In R6DS: R6 Reference Class Based Data Structures

##########################################################################################
# Binary Search Tree (BST)
##########################################################################################

#' The RBST reference class
#'
#' The RBST reference class implements the data structure binary search tree (BST).
#'
#' A BST is a particular type of container storing elements in nodes by following a binary tree structure.
#' So the element is the value of the corresponding node in the tree.
#'
#' The BST has one root on top, which is the first node of the tree,
#' and each node in the BST has at most two sub-nodes (left sub-node and right sub-node) which can be the roots of their sub-trees.
#'
#' The BST should be equipped with the "<" and "=" operations such that any two nodes in the tree can be compared.
#' Note that, by the definitions of the "<" and "=" operations, the operation ">" is also defined.
#'
#' The BST structure follows strictly the rules that, for a certain node in the tree,
#' any nodes in its left sub-tree must be strictly smaller ("<") than it,
#' any nodes in its right sub-tree must be strictly larger (">") than it,
#' and any two nodes in the tree must not be equal (no "=").
#'
#' Therefore, the BST is a special set or dictionary equipped with "<", ">" operations.
#'
#' When you create a new RBST instance, you have to input two functions which defines
#' the bodies of the two private methods \code{lessthan} and \code{equal}.

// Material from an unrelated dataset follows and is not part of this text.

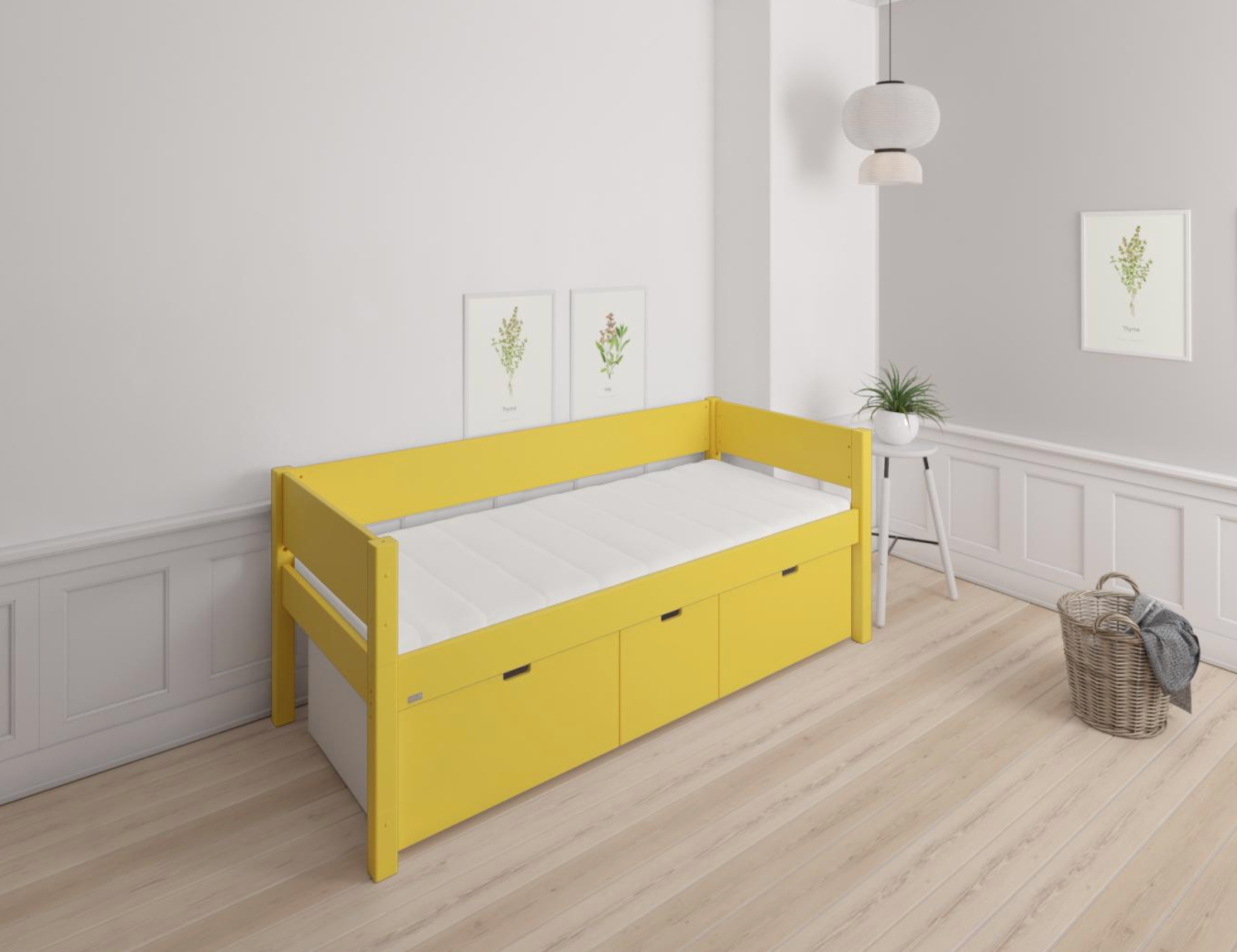 Nanna Kinderbett mit hohen Schubladen - 90*200cm - Currygelb - 43

#' The RBST instance then will use them to make comparison and decide where to put new nodes (build the BST).
#'
#' Each time a new node is inserted, the BST algorithm finds its location on the tree.

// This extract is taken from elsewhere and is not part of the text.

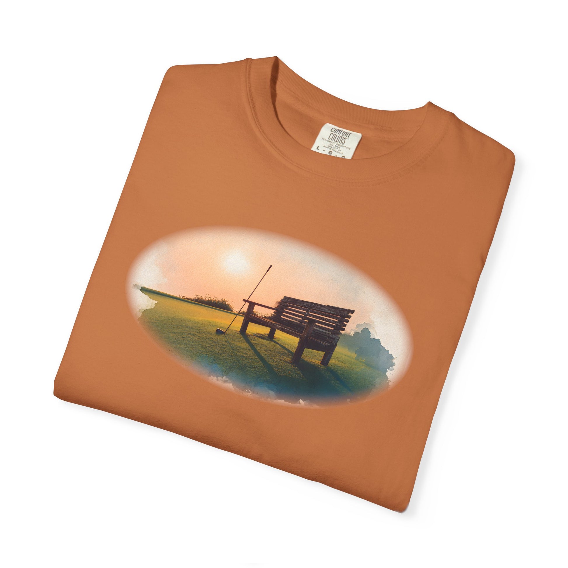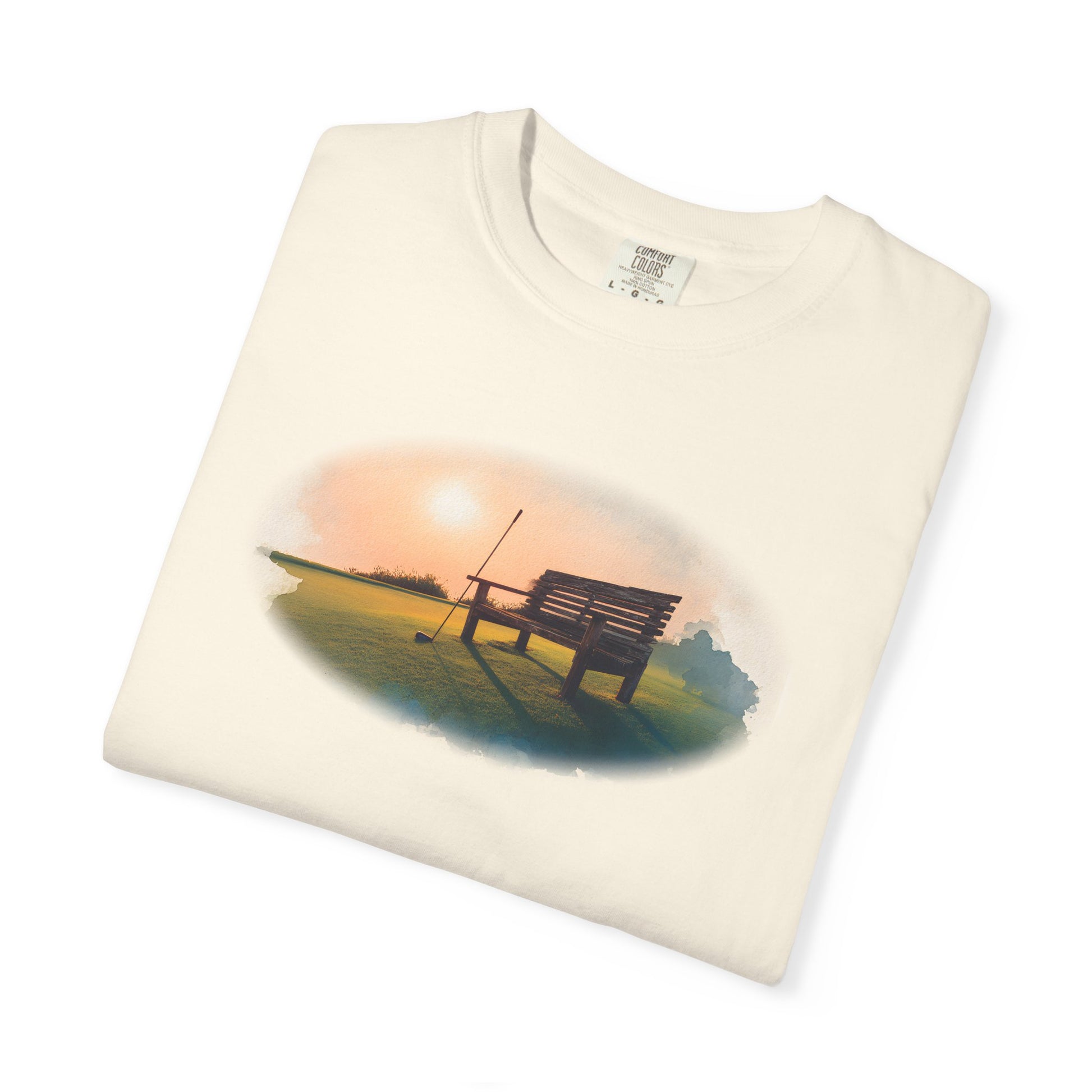 A quiet bench, a lone club, and the sun dipping low — the Rest Between Rounds tee captures golf’s most reflective moments. Painted in warm, fading light, this oil-inspired design is a reminder that sometimes the pause is just as meaningful as the play.

#' Then you can imagine, the BST is efficient in maintaining (inserting and deleting), searching and traversing the tree.
#' An average O(log n) time complexity can be achieved by applying the BST algorithm.
#'
#' A very important fact is that, the RBST only compares the nodes by using
#' the function \code{equal}.
#' So it will regard any two nodes identical if \code{equal} returns \code{TRUE},
#' even though they are different.
#'
#' We see that the BST can also be regarded as a dictionary,
#' as the key of the dictionary is actually the value input into \code{insert}, \code{delete} and \code{search_for}.
#'
#' The traversals of the BST (in-order, pre-order, and post-order) are implemented as well.

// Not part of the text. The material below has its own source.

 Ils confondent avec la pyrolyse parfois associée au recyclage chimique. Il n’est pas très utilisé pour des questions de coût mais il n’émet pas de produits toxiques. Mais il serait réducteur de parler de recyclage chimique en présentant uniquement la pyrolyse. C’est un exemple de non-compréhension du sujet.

#' A \code{callback} function can be input into the \code{traverse} function
#' to specify how to treat the traversed nodes.
#' By default (if you do not input anything here) the \code{traverse} function
#' prints the traversed nodes.
#' But of course you can, for example, store them by changing the \code{callback} function,
#' see the examples below.
#'
#' The elements in the BST are not necessarily to be of the same type,
#' and they can even contain functions.
#'
#' @author Yukai Yang, \email{yukai.yang@@statistik.uu.se}
#'
#' @section References:
#' For the details about the BST data structure, see \href{https://en.wikipedia.org/wiki/Binary_search_tree}{BST at Wikipedia}.
#'
#' @seealso \link{R6DS} for the introduction of the reference class and some common methods
#'
#' @section Class Method:
#'
#' The class method belongs to the class.
#'
#' \describe{
#'
#' \item{\code{new(lessthan, equal, ..., collapse=NULL)}}{
#' The \code{new} method creates a new instance of the RBST class
#' containing the values in \code{...} and \code{collapse} as its nodes.
#'
#' The argument \code{lessthan} takes a function defining the "<" operation,
#' and the argument \code{equal} takes a function defining the "=" operation.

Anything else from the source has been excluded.